Hacker News new | ask | show | jobs
by jlokier 2117 days ago
It's a cryptographic hash, so it will detect tampering with the data, which a simple CRC, MurmerHash or Jenkins would not.
1 comments

Still, I'd like an option to use a faster, more efficient CRC or hash - bit rot is usually the main threat, rather than tampering. Not to mention that if a user can tamper with the data they can probably just create a new hash at the same time.

Using a cryptographic hash as a souped-up CRC seems rather odd, given how many more CPU cycles and RAM it will use, but I don't know the reasoning behind the decision; there must be one.

> if an attacker can tamper with the data they can probably just create a new hash at the same time

That's true for ordinary databases, but this was developed for a blockchain and uses a Merkle hash tree.

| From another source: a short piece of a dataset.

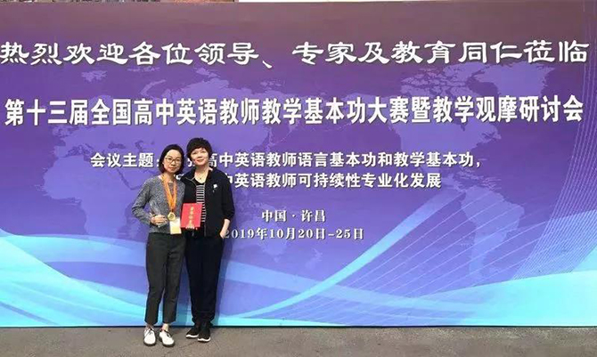 今天,从第十三届全国高中英语教师教学基本功大赛组委会传来喜讯,我校英语教研组青年教师张晓娟荣获课堂教学评比全国一等奖!

An attacker can only tamper with the data and create a new hash for a data item by also creating a new hash for every node up to the root of the tree. In a blockchain context, even that isn't enough, they'd have to modify the blockchain nodes as well, as I presume they periodically record tree root hashes.

The hash tree gives it some other interesting features too. O(n) diff time, where n is the number of changes output in the diff, is probably due to having a hash tree.

The fast diff would also work with a non-cryptographic hash, but it would be considered not quite reliable enough against occasional, random errors. With a cryptographic hash, for non-security purposes we treat the values as reliably unique for each input. For example, see Git which depends on this property.

I meant to say "attacker", rather than "user".